REQUIRED WORK:
A single stretch of the material below is to be transcribed exactly, starting at the line with "Mod de Preparare: Taiem" and ending after the line with "Ryan Fajar (PB".

LISTED ENTRIES:

--------

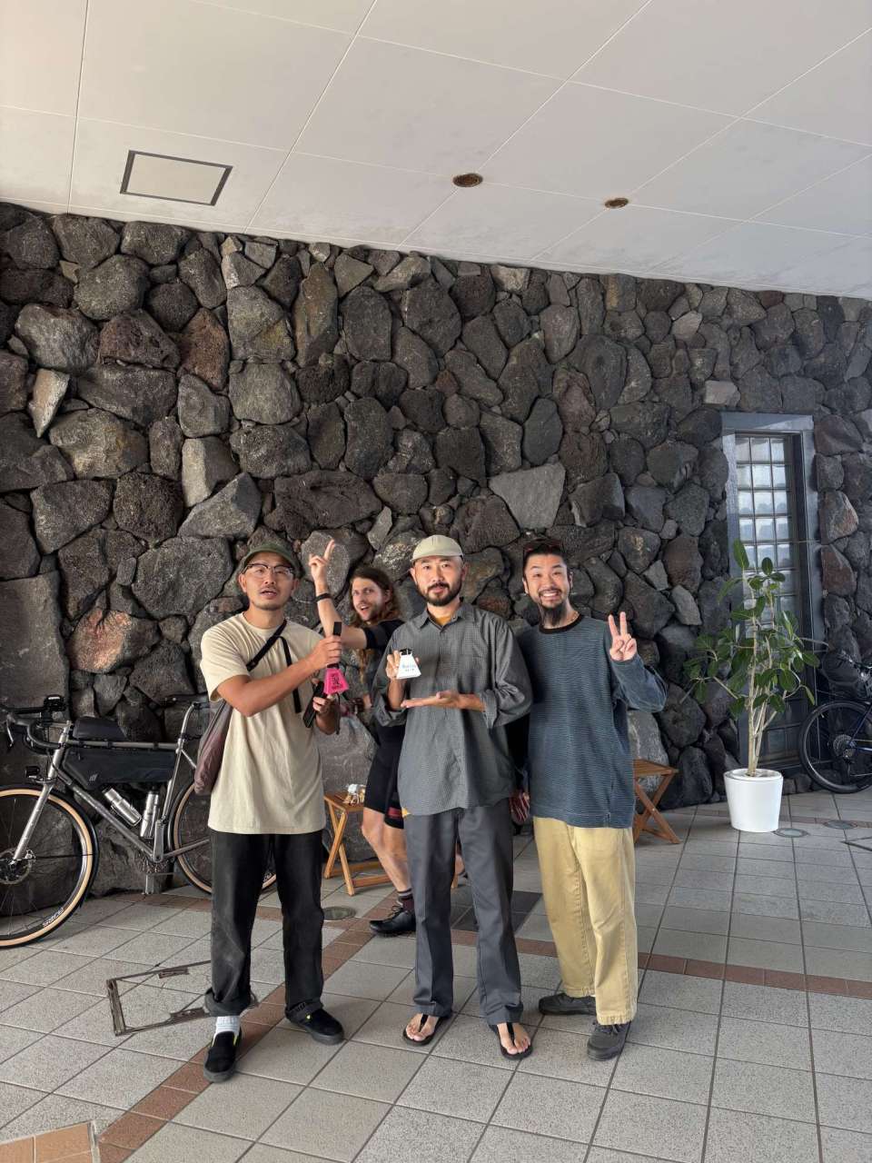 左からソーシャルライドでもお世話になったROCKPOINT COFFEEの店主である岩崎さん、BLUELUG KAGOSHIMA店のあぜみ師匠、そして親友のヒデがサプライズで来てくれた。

--------

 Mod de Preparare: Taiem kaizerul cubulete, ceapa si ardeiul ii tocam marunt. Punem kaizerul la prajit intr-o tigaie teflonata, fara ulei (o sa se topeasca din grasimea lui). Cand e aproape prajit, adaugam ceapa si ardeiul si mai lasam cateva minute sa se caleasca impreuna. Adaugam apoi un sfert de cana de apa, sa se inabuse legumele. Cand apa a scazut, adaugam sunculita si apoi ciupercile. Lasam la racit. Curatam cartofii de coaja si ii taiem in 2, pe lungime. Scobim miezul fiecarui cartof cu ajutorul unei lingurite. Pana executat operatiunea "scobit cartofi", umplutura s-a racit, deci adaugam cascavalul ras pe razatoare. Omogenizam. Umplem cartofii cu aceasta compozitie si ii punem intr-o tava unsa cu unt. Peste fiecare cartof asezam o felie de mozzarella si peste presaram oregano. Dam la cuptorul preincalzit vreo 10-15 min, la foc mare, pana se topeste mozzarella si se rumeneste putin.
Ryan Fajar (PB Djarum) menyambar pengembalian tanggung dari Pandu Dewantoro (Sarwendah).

--------

WRITTEN SOLUTION:
 Mod de Preparare: Taiem kaizerul cubulete, ceapa si ardeiul ii tocam marunt. Punem kaizerul la prajit intr-o tigaie teflonata, fara ulei (o sa se topeasca din grasimea lui). Cand e aproape prajit, adaugam ceapa si ardeiul si mai lasam cateva minute sa se caleasca impreuna. Adaugam apoi un sfert de cana de apa, sa se inabuse legumele. Cand apa a scazut, adaugam sunculita si apoi ciupercile. Lasam la racit. Curatam cartofii de coaja si ii taiem in 2, pe lungime. Scobim miezul fiecarui cartof cu ajutorul unei lingurite. Pana executat operatiunea "scobit cartofi", umplutura s-a racit, deci adaugam cascavalul ras pe razatoare. Omogenizam. Umplem cartofii cu aceasta compozitie si ii punem intr-o tava unsa cu unt. Peste fiecare cartof asezam o felie de mozzarella si peste presaram oregano. Dam la cuptorul preincalzit vreo 10-15 min, la foc mare, pana se topeste mozzarella si se rumeneste putin.
Ryan Fajar (PB Djarum) menyambar pengembalian tanggung dari Pandu Dewantoro (Sarwendah).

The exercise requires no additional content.